Post by
Shaleguy on Oct 05, 2021 10:49am
Hedging Strategies
MHP always gets my juices going in a good way. First the basics. Hedges are serious business and involve real money paid to one party or the counterparty. The reason we do them obviously is to mitigate price volatility to ensure a predictable cashflow. There are a number of hedging instruments including swaps, costless collars which is a swap over a small price range, three way swaps and puts and calls. My preference was a fixed to floating swap. Three way swaps and puts and calls in my opinion are outright gambling. In lay terms there are three philosophies on hedging. The first is no hedging. I worked for a subsidiary of Group Brussels Lambert who controlled Total and Bank Paribas. There idea was we are in the oil business to catch the peaks. Harold Hamm went unhedged in 2015 but hey what's a billion or two The second philosophy is hedge based on fundamentals such as drilling rates, OPEC, storage, world demand, futures and an assessment of the probability is where prices are headed.
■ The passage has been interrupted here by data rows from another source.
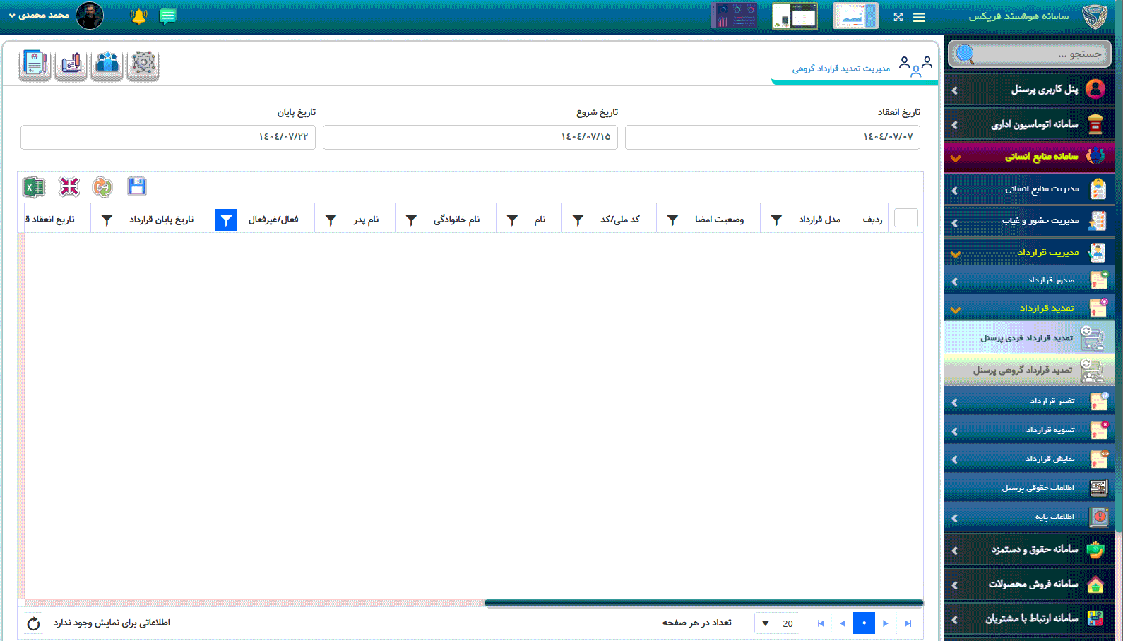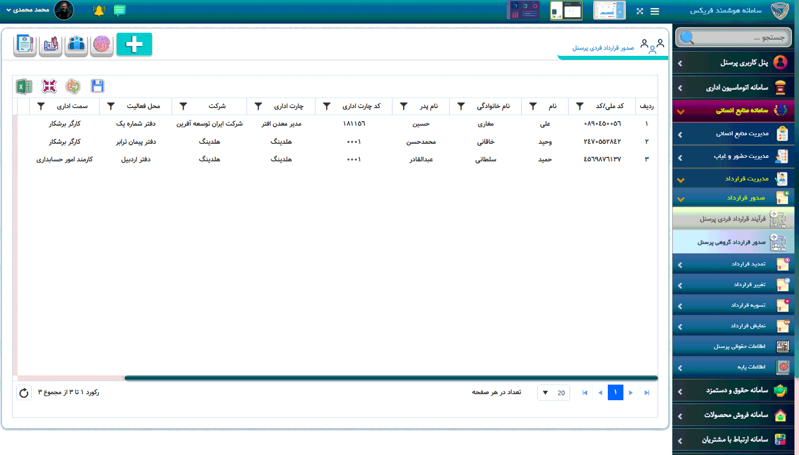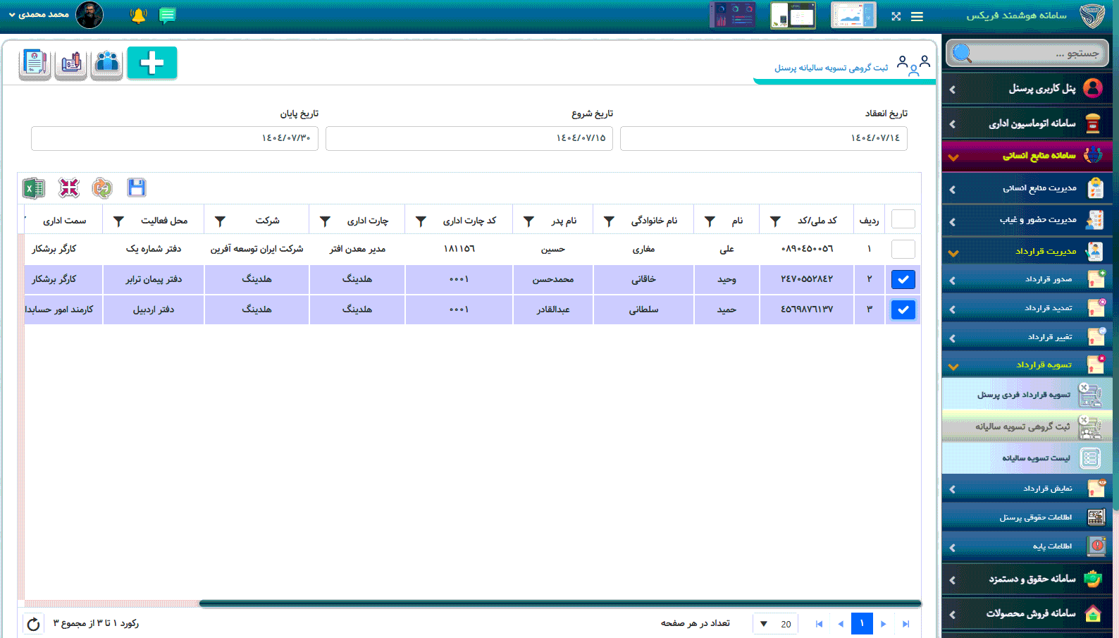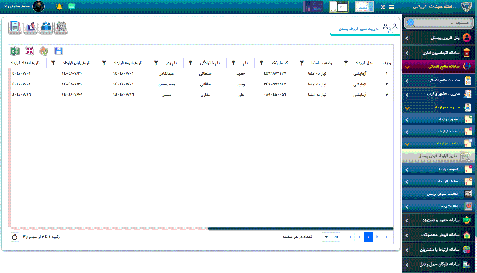 علاوه بر این، تمام سوابق قراردادهای قبلی، اصلاحات انجامشده و الحاقیهها در سامانه ذخیره شده و امکان گزارشگیری دقیق از وضعیت هر پرسنل یا واحد سازمانی فراهم است.
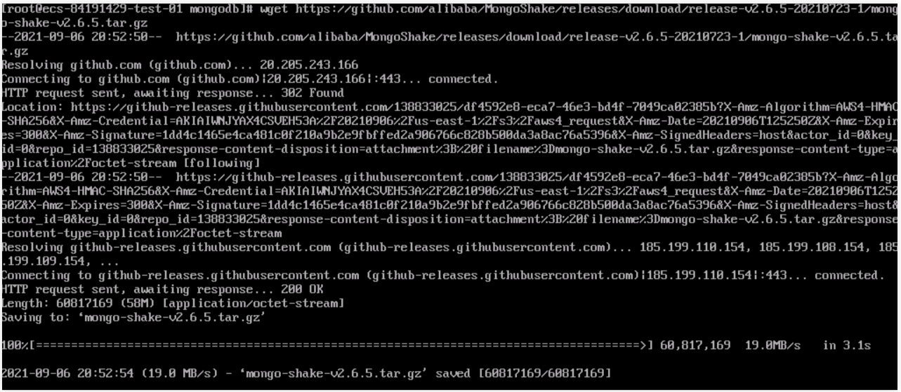 在以下链接下载 mongo-shake 工具:https://github.com/alibaba/MongoShake/releases/download/release-v2.6.5-20210723-1/mongo-shake-v2.6.5.tar.gz
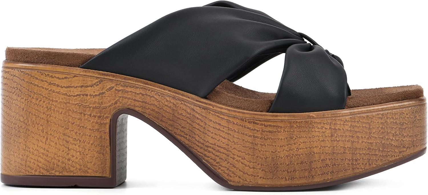 Take it back to the '70s in this clog-inspired platform sandal. The Glamming Footbeds mule by White Mountain Shoes makes a statement with glamorous knot-inspired crisscross straps and a faux-wood bottom that offers a lightweight solution to the chunky sole trend.

Under this philosophy you would hedge when you think prices are at or near the peak. In my opinion only I believe the LNG market is being manipulated and Russia is playing hardball. In the US the gas guys can ramp up quickly and I am surprised we haven't seen more rigs deployed. As far as oil is concerned, the three dollar a gallon threshold will spark outrage in the US. Biden has asked OPEC for more oil. But demand will drop at 80 dollars but could peak above a hundred for a short time. As honey pointed out we already see backwardation. Soooo, if I were running Arc I would be thinking of hedging soon The third approach is the bankers approach which is what VII and Arc have done. In this approach you hedge so much each quarter without regard to fundamentals. The benefit is you are protected from black swans but in essence all you do is average out cashflow. What I can't understand is why VII made their 2021 hedges. Even the most dimwitted individual could have predicted the advent of the vaccines. One other point. To protect your condy price you hedge WTI. This called a dirty hedge Hope this helps y'all.